Germany's Frank-Walter Steinmeier, arriving at a regular EU meeting of foreign ministers in Brussels, said the comments had caused "astonishment and commotion," and had been received with "concern" at NATO headquarters in Brussels.
For more on Donald Trump's row with automakers over Mexican production, watch:
But it was the threat of a challenge to Germany's export champions that really appeared to strike home.

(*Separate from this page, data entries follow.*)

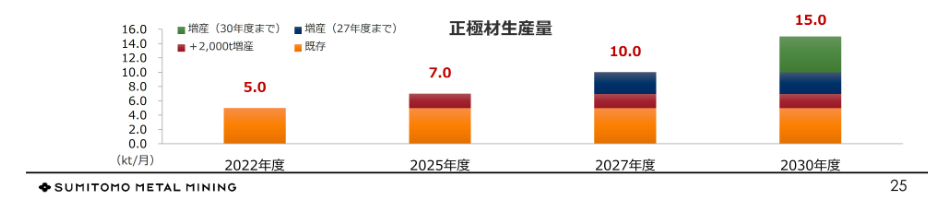 양극재의 1 개월 당 2천톤의 증산은 순조롭게 진행되고 있으며, 다음 증산을 위한 검토가 이뤄지고 있음. 전지 재료 사업의 양극재의 제조는 업계의 동향을 주시해 제조 능력의 키우려는 준비 및 연구 개발을 진행 중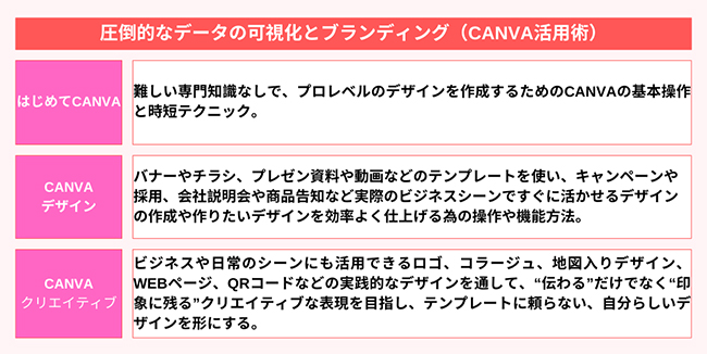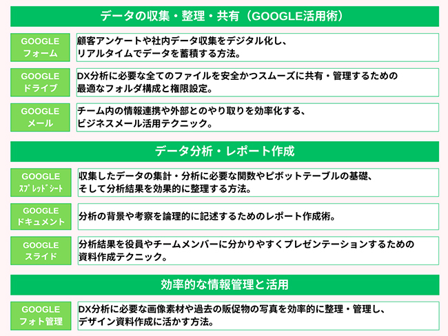 この講座は、煩雑な手作業によるデータ分析から脱却し、AI時代に求められる効率的かつ効果的なDX分析スキルを習得することに特化しています。データの「収集」「整理」「分析」「可視化」といった一連のプロセスを、すべてGoogleとCanvaの最新ツール群で完結させる手法を学びます。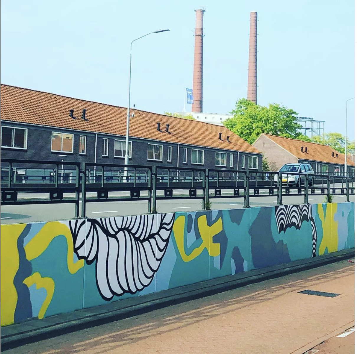 Na een inspiratieavond in het door Piet Hein Eek ontworpen buurthuis ontwierpen Beeldentemmers deze muurschildering van 150!! meter lang. Aan weerszijden van het talud van het Strijps Bultje verschenen deze prachtige kleuren. Aan de ene zijde abstract, aan de andere zijde meer figuratief en verrijkt met een in opdracht geschreven ode aan Eindhoven door Henk van Straten.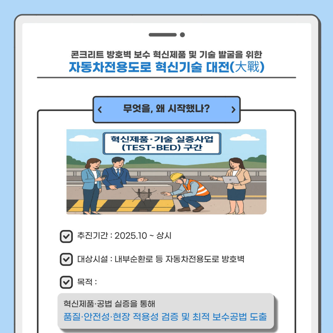 - 도로 시설물 유지관리 분야 모든 기술 (자동차전용도로 내)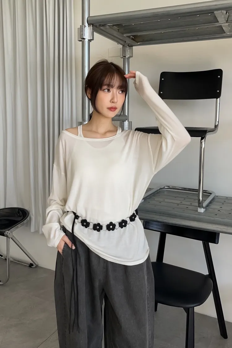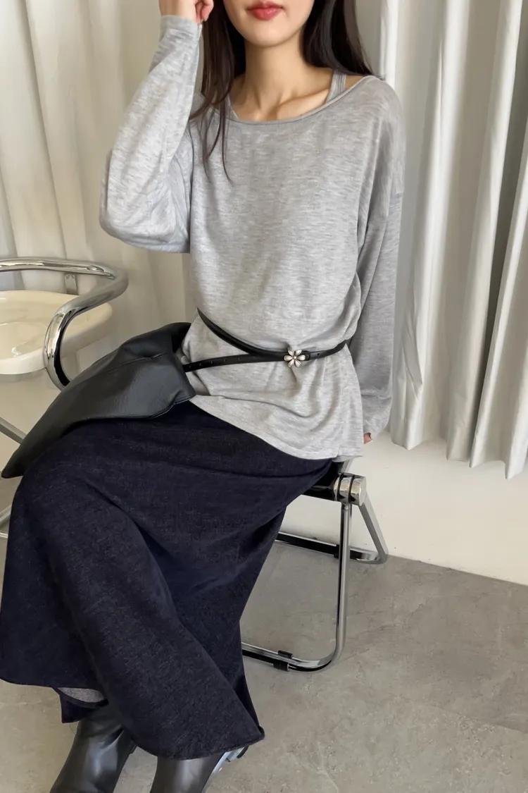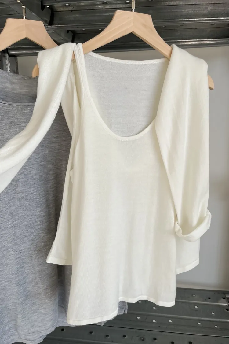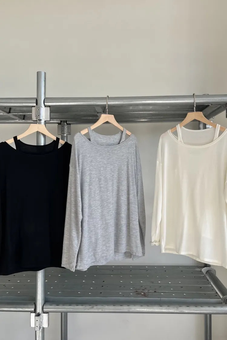 U0059(SET)超級軟小背心+大領口薄長袖(米白/灰/黑)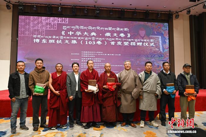 圖為《中華大典·藏文卷》之《博東班欽文集》捐贈儀式現(xiàn)場。貢嘎來松 攝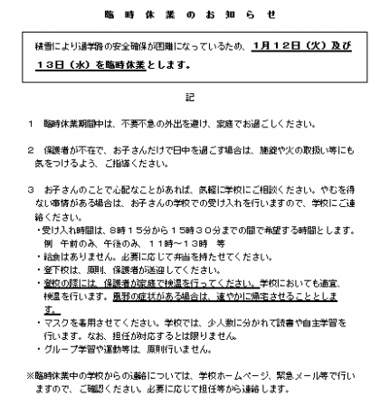 積雪により通学路の安全確保が困難になっているため、1月12日(火)及び13日(水)を臨時休業とします。配付文書でもご確認ください。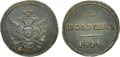 Медь. 1г. Набережный монетный двор. Аверс: императорские короны. Реверс: год славянскими буквами. Ошибка в номинале: буквы номинала перепутаны местами: "ПУЛОШКА". Отсутствует у Узденикова, Биткина, Дьякова, Brekke, Ильина. Дьяков подобна 184, 3960. XF.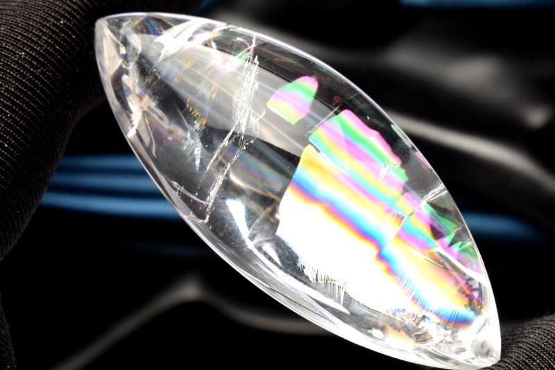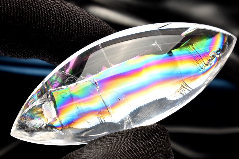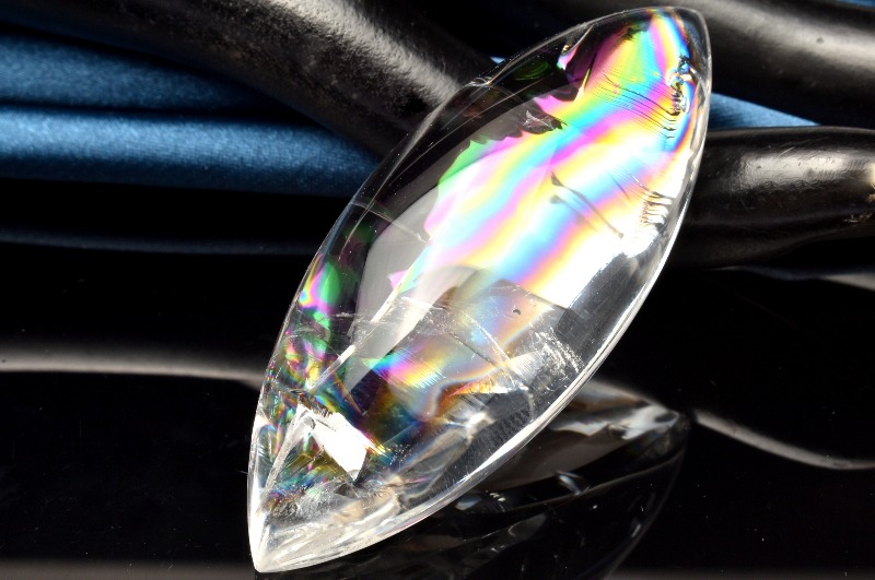 その名の通り、透明のクリスタル(水晶)の内部が虹色に輝く、たいへん美しい石です。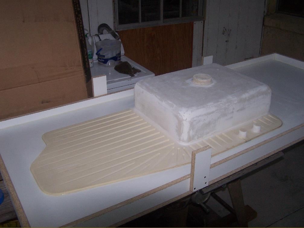 The counter has a recessed strainer surface sloped to the sink with ridges set level to support a drain rack, glasses, cutting boards, etc. The Grasshopper 5 axis CAM definition that we developed was used to generate the carving code for the foam sink form. This ensures positive, uniform slope at the bottom surface, and uniform, curved corners that will hopefully be easily cleaned.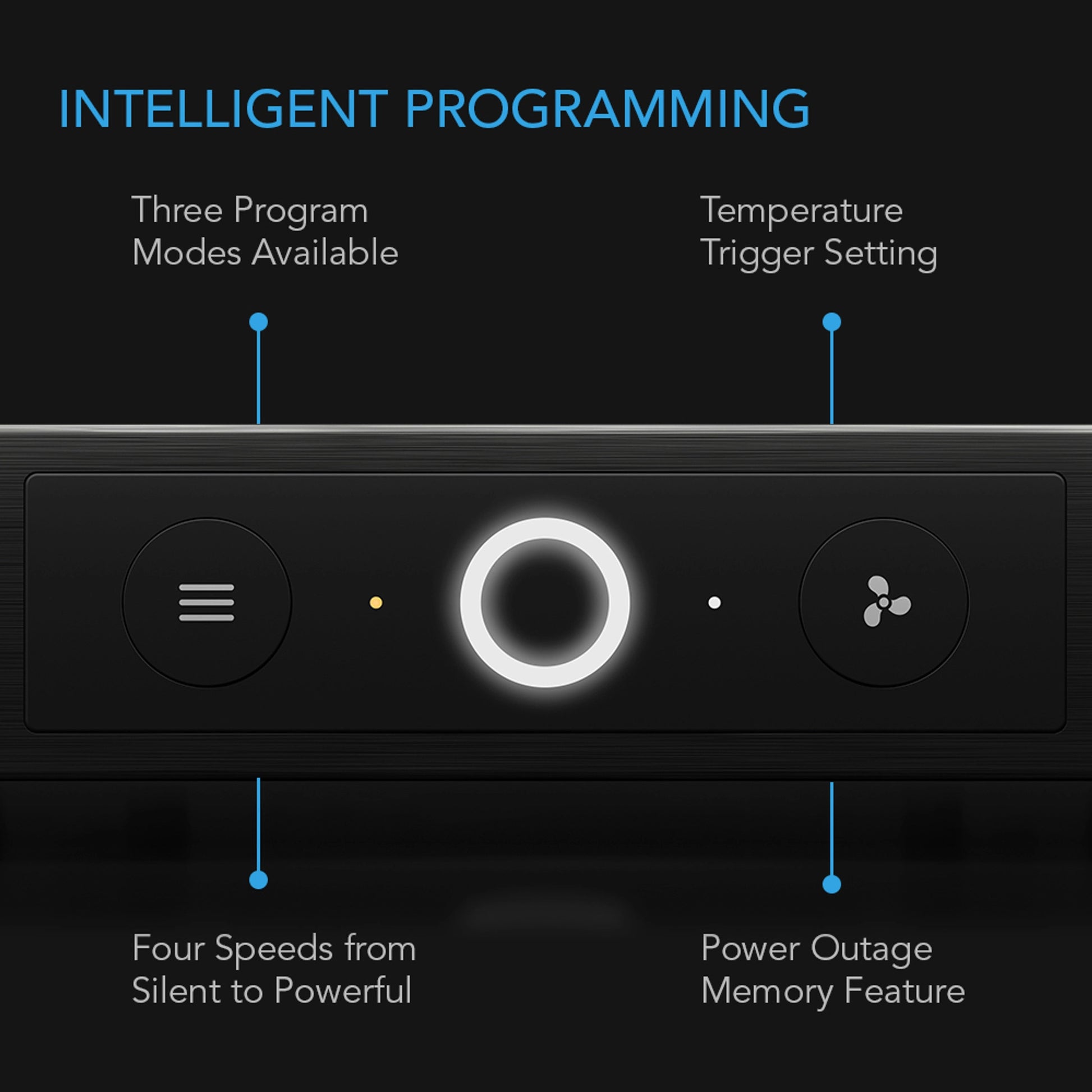 There are three programming settings available which includes two temperature trigger modes. The fans can also be set to run continuously or be turned off. Four fan speeds are available for each active mode and will determine the speed at which the fans run when they are triggered. This ensures optimal airflow and noise levels for your application.

In an interview with The Wall Street Journal, meanwhile, veteran Finance Minister Wolfgang Schäuble warned that "Protectionism can afford short-term advantages but is almost always damaging in the long term.” (His comments were made before Trump's interview, albeit.)
Steinmeier, for his part, said Germany is "assuming that our American partners will continue to abide by its obligations under international law and the WTO rules," a statement that inevitably drew attention to European fears that the "American partners" will do something altogether different.
Marcel Fratzscher, head of the respected DIW economic think-tank in Berlin, told Fortune Monday that Trump's criticisms – about German dominance of the EU, and about trade and migration – were not justified. "Germany contributes a lot to the EU," not least in lending its economic might to sustain the spending power of other countries in the Eurozone. Like many other prominent Germans, he saw Merkel's migration policy as the assumption of a humanitarian responsibility that others, including the U.S., had shirked.
Such differences in perspective make it clear how much harder a German-led Europe is going to have to try to get along with a new U.S. administration that won't shy from challenging its liberal principles.